Thursday’s vote by Tongaat’s creditors to accept the Vision Parties’ bid and proposed business rescue plan has been met with relief across South Africa’s entire primary sugar cane value chain – especially Tongaat’s thousands of suppliers and employees.
Tongaat has been in voluntary – and often tumultuous – business rescue since October 27, 2022, and if the business rescue plan had been rejected it would have faced liquidation.
Dave Howells, managing director of Tongaat’s Sugar South Africa subsidiary, wrote to his company’s employees and other stakeholders on Friday.
“The vote in favour of the Vision Parties’ business rescue plan [is] positive news for our employees, our businesses across all geographies and our stakeholders,” he wrote.
“While there is still much to be done in our journey, today we are celebrating the achievement of a key milestone. Today finally provides some certainty to stakeholders on the way forward.”
Howells wrote that Tongaat can officially exit business rescue only once Vision’s plan has been substantially implemented and the company is no longer financially distressed.
He also pointed out that during the meeting before Thursday’s vote, Vision representative Robert Bessinger said the company believes Tongaat is a leading sugar and animal feeds business with a good asset base across Southern Africa.

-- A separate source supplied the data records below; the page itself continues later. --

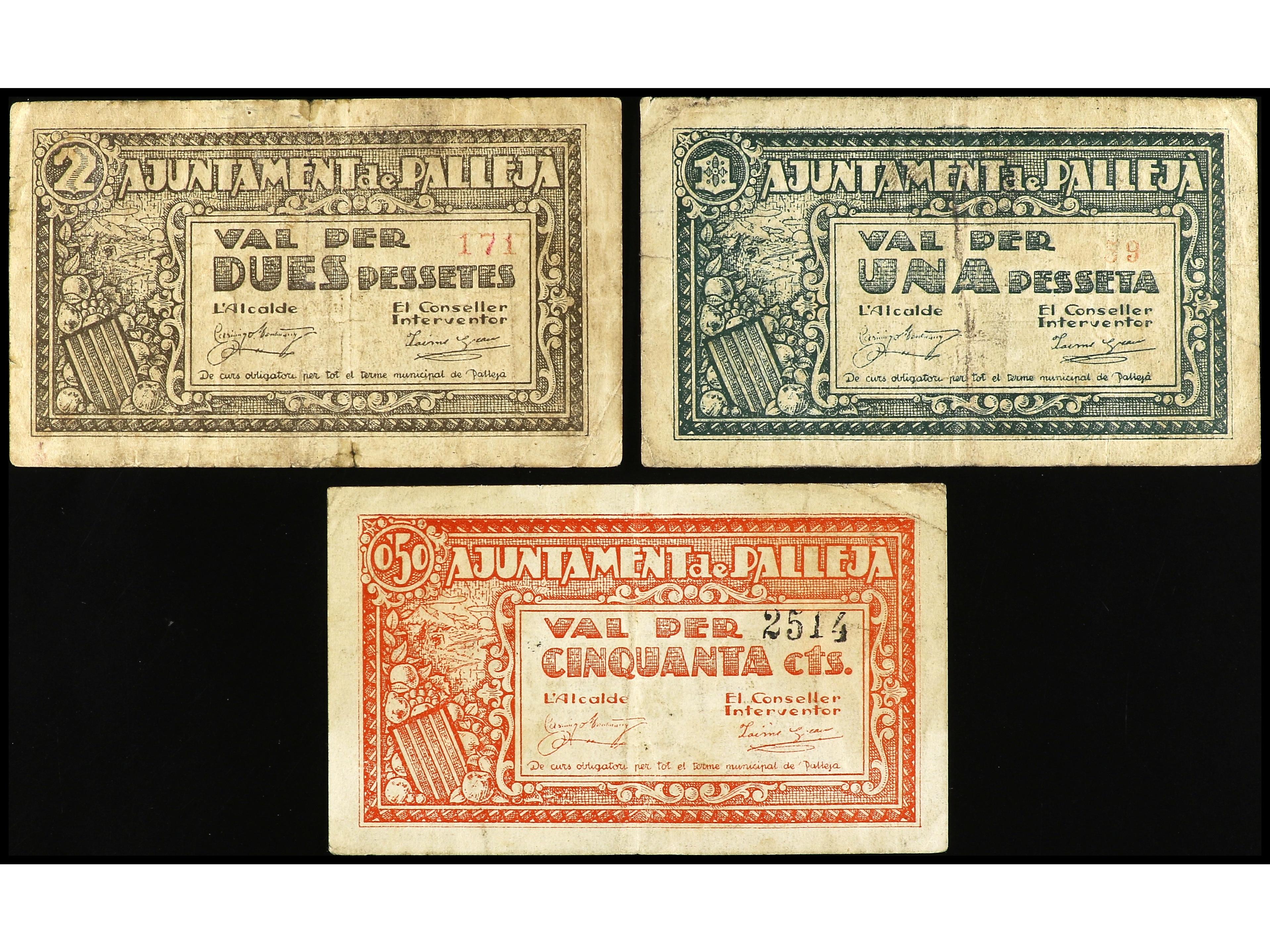 Lote 3 billetes 50 Cèntims 1 y 2 Pessetes. Aj. de PALLEJÀ. AT-1768/70. MBC- a MBC. (Image1) (Image2)
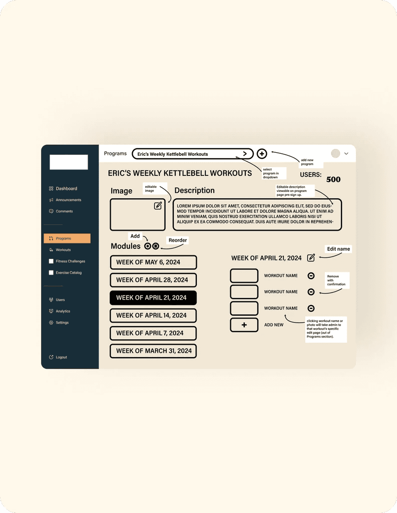 First, we looked at both sides of the problem. On one side, Eric was wasting time and effort with a clunky and inefficient app platform that limited his monetisation opportunities. On the other side, his paying members had to put up with a workout experience that was frankly sub-optimal. Our task was clear – build a custom no-code solution that’s effortless for Eric and his members to use. At least, until they start lifting.
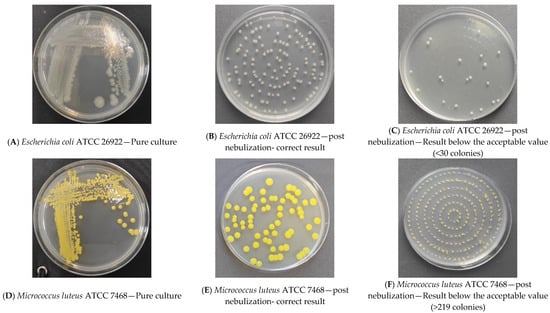 The analysis of the results of the experiments with bacterial strains allowed for the development of a procedure demonstrating the survivability of each strain under test conditions. The following pictures show a reduction culture (Figure 2A,D,G), the purpose of which is to check the purity of the strain and describe its morphology; a plate after nebulization with normal results (Figure 2B,E,H) and a plate after nebulization with abnormal results (Figure 2C,F,I). The correct plates display individual bacterial colonies after air sampling from the bioaerosol using a microbiological probe. A proper reading indicates a countable number of colonies ranging from 20 to 219 (216 is based on the number of holes in the probe head and the probable number of colonies table (as cited)). Based on the results analysis, an acceptable number of colonies between 50 and 216 and an optimal range between 100 and 150 were adopted. The analysis of the abundance of bacterial strains in the saline fluid allowed us to determine the curve of the relationship between the number of colonies (cfu/mL) and the McFarland scale (Table 2). In subsequent studies, suspensions were prepared specifying the degree on the McFarland scale. Based on the survival results of the bacterial strains in saline, all strains were found to be stable in saline for up to 4 h. Based on the results of the survival of bacterial strains in the air, it was found that although all strains have a high survival rate in the fluid (reduction in abundance by no more than 20% in 2 h), the strain with the highest survival rate in the air is M. luteus TCC 7468. Strains E. coli ATCC 26922 and S. aureus ATCC6538P had a reduction in abundance after nebulization in the test room of more than 98%; M. luteus ATCC 7468 had a reduction of about 38% within 30 min (Table 3).

The chairperson of the SA Canegrowers, Andrew Russell, said the association is encouraged that Tongaat’s business rescue practitioners have secured a partner to help save the company’s sugar mills and other businesses. Their operations are “critically important” for their employees and for tens of thousands of small-scale sugar cane growers and their own employees.
However, Russell said SA Canegrowers is awaiting Vision’s confirmation “of its commitment to pay the industry levies owed to the South African Sugar Association (SASA) by Tongaat Hulett”.
Tongaat’s voluntary business rescue left the primary sugar cane value chain in a precarious state and caused uncertainty for growers supplying their harvests to Tongaat’s sugar mills, he said.
“These hardships were exacerbated by the decision of the business rescue practitioners to challenge the legal validity of the financial obligations – more than R900 million – owed by Tongaat Hulett to the industry body.”
African Farming has previously reported that according to the wider primary sugar cane value chain and the Durban high court, Tongaat is liable for these financial obligations in terms of the Sugar Industry Act (9 of 1978) and the Sugar Industry Agreement (1994).
It has also been previously reported that Tongaat’s business rescue practitioners and Vision are likely to approach the court for leave to appeal the previous judgement maintaining Tongaat’s liability for these financial obligations.
Russell said: “The Vision group has yet to commit to payment of outstanding levies before any appeals of the [Durban high court’s] declarator order have been exhausted, leaving open the possibility of further costly and time-consuming litigation”. At the time of publication, African Farming had not yet received statements from SASA and another South African sugar cane miller, RCL Foods, in response to the formal adoption of Vision’s business rescue plan for Tongaat. SASA and RCL Foods have previously been litigants against Tongaat Hulett and its business rescue practitioners.